EXERCISE INSTRUCTIONS
Reproduce every record below exactly, with the pictures left out.

AVAILABLE DATA
——————————
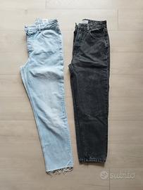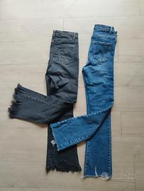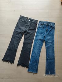 abbigliamento bimba donna: - 2 jeans Wide zara grigio spalmato su parte della gamba in colore glitter iridescente tono su tono, zara taglia 9 anni. nero con borchie circolari applicate. h&M taglia 8-9 anni. regolabili in vita. perfetti. €8 - 2 pantaloni denim flared. nero con fondo asimmetrico taglia 12 anni, regolabile senza elastico, misura 3/4. blu taglia 38. vestono 12 anni. €8 - 2 jeans straight Pimkie e Bershka mom fit. taglia 34. perfetti. €7,50
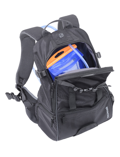 Sport und Fotografie unterwegs lassen sich mit dem Garda SportPack 400 verbinden. Der praktische Fotorucksack erlaubt den schnellen Zugriff auf die Kamera ohne, dass der Rucksack abgesetzt werden muss. Die integrierte Ausgangslasche und die Schlauchbefestigung am Schultergurt ermöglichen gleichzeitig die Verwendung eines Trinksystems. Ein praktisches Fach dient dem Verstauen den Trinksystems oder anderer persönlicher Utensilien. Platz hat das SportPack für eine mittlere DSLR-Kamera mit Zubehör. Ein Drei- oder Einbeinstativ kann am Rucksack befestigt werden. Das Ventilatorsystem sorgt für besten Tragekomfort. Für Schutz bei nassem Wetter gibt es die passgenaue Regenhülle.
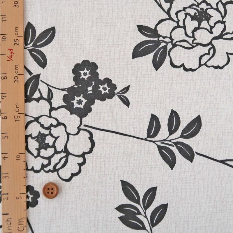 和風でも洋風でもお好みで 和柄コットン生地 モダン牡丹 150cm幅(すみ黒柄) 10cm単位 切り売り
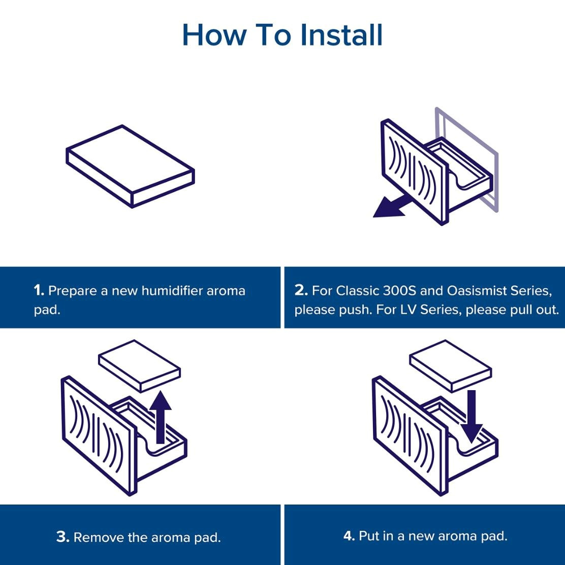Vankúšiky na použitie esenciálnych olejov na aromaterapiu so zvlhčovačmi vzduchu Levoit. Odporúčame meniť aromatické vankúšiky v závislosti od frekvencie používania. Do zásobníka na vodu ani do základnej komory nepridávajte esenciálne oleje ani iné vonné látky. Esenciálne oleje pridávajte len do aromatických vankúšikov.
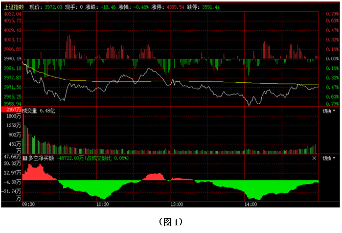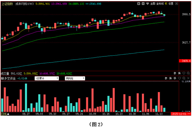 如图1所示,今日早间开盘后,大盘就出现一波连续下探,盘中一度跌至3960点附近,随后市场虽有反弹,但由于力度较弱,指数刚刚回升到3980点附近就无法继续上攻,午后大盘再次下探,并跌破早间低点,好在没有持续杀跌,尾盘时指数略有反弹,最终以3972点收盘。从下方的多空资金来看,早间开盘后,早间开盘后,多方率先占据优势,但盘中多空反复争夺,资金时而翻红,时而翻绿。可见今日多方虽有向上反击动作,但资金进场力度始终偏弱,以致大盘无法形成持续性反弹,场内多方人气难以大幅提升。在这种情况下,短期内空方很可能还会继续施压,市场或有进一步下探的动作。建议大家控制仓位,做好防御准备。
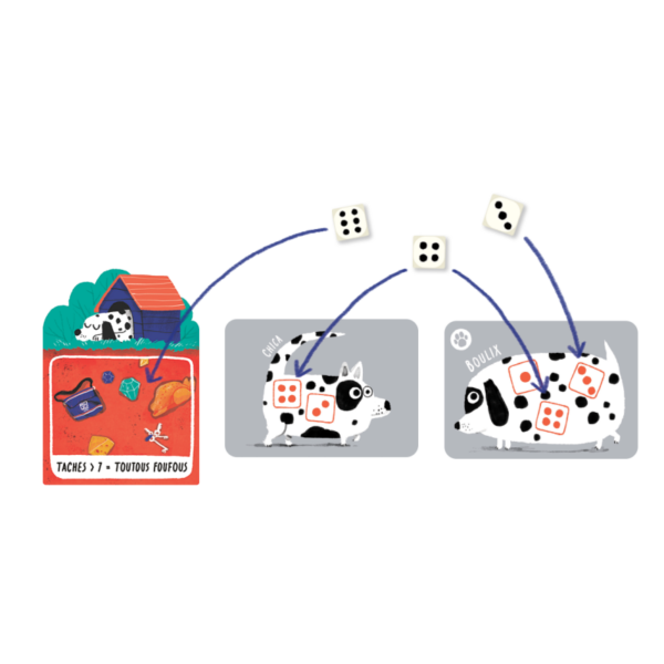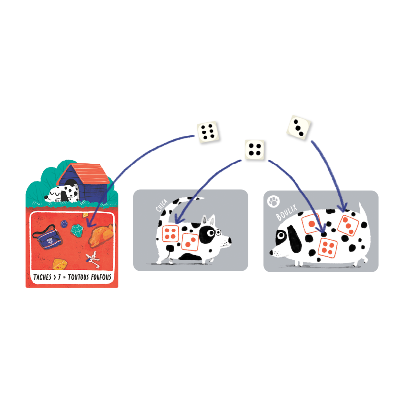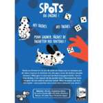 Dans « Spots ou Encore », chaque joueur reçoit des cartes Toutou qu’il doit compléter en plaçant des dés sur les spots correspondants. Les cartes sont dotées de motifs de taches, et le but est de recouvrir ces taches avec les dés appropriés. Chaque tour, vous choisissez une tuile Tour et suivez les actions indiquées, qui peuvent impliquer de lancer des dés, de les placer sur vos toutous, ou de les enterrer sous votre niche si vous ne pouvez pas les utiliser. Le jeu est à la fois simple à comprendre et suffisamment stratégique pour maintenir l’intérêt des joueurs au fil des parties. Maîtrisez les tours, gérez vos dés, et évitez que vos toutous ne deviennent foufous !
——————————
ANSWER TO THIS EXERCISE
 abbigliamento bimba donna: - 2 jeans Wide zara grigio spalmato su parte della gamba in colore glitter iridescente tono su tono, zara taglia 9 anni. nero con borchie circolari applicate. h&M taglia 8-9 anni. regolabili in vita. perfetti. €8 - 2 pantaloni denim flared. nero con fondo asimmetrico taglia 12 anni, regolabile senza elastico, misura 3/4. blu taglia 38. vestono 12 anni. €8 - 2 jeans straight Pimkie e Bershka mom fit. taglia 34. perfetti. €7,50
 Sport und Fotografie unterwegs lassen sich mit dem Garda SportPack 400 verbinden. Der praktische Fotorucksack erlaubt den schnellen Zugriff auf die Kamera ohne, dass der Rucksack abgesetzt werden muss. Die integrierte Ausgangslasche und die Schlauchbefestigung am Schultergurt ermöglichen gleichzeitig die Verwendung eines Trinksystems. Ein praktisches Fach dient dem Verstauen den Trinksystems oder anderer persönlicher Utensilien. Platz hat das SportPack für eine mittlere DSLR-Kamera mit Zubehör. Ein Drei- oder Einbeinstativ kann am Rucksack befestigt werden. Das Ventilatorsystem sorgt für besten Tragekomfort. Für Schutz bei nassem Wetter gibt es die passgenaue Regenhülle.
 和風でも洋風でもお好みで 和柄コットン生地 モダン牡丹 150cm幅(すみ黒柄) 10cm単位 切り売り
Vankúšiky na použitie esenciálnych olejov na aromaterapiu so zvlhčovačmi vzduchu Levoit. Odporúčame meniť aromatické vankúšiky v závislosti od frekvencie používania. Do zásobníka na vodu ani do základnej komory nepridávajte esenciálne oleje ani iné vonné látky. Esenciálne oleje pridávajte len do aromatických vankúšikov.
 如图1所示,今日早间开盘后,大盘就出现一波连续下探,盘中一度跌至3960点附近,随后市场虽有反弹,但由于力度较弱,指数刚刚回升到3980点附近就无法继续上攻,午后大盘再次下探,并跌破早间低点,好在没有持续杀跌,尾盘时指数略有反弹,最终以3972点收盘。从下方的多空资金来看,早间开盘后,早间开盘后,多方率先占据优势,但盘中多空反复争夺,资金时而翻红,时而翻绿。可见今日多方虽有向上反击动作,但资金进场力度始终偏弱,以致大盘无法形成持续性反弹,场内多方人气难以大幅提升。在这种情况下,短期内空方很可能还会继续施压,市场或有进一步下探的动作。建议大家控制仓位,做好防御准备。
 Dans « Spots ou Encore », chaque joueur reçoit des cartes Toutou qu’il doit compléter en plaçant des dés sur les spots correspondants. Les cartes sont dotées de motifs de taches, et le but est de recouvrir ces taches avec les dés appropriés. Chaque tour, vous choisissez une tuile Tour et suivez les actions indiquées, qui peuvent impliquer de lancer des dés, de les placer sur vos toutous, ou de les enterrer sous votre niche si vous ne pouvez pas les utiliser. Le jeu est à la fois simple à comprendre et suffisamment stratégique pour maintenir l’intérêt des joueurs au fil des parties. Maîtrisez les tours, gérez vos dés, et évitez que vos toutous ne deviennent foufous !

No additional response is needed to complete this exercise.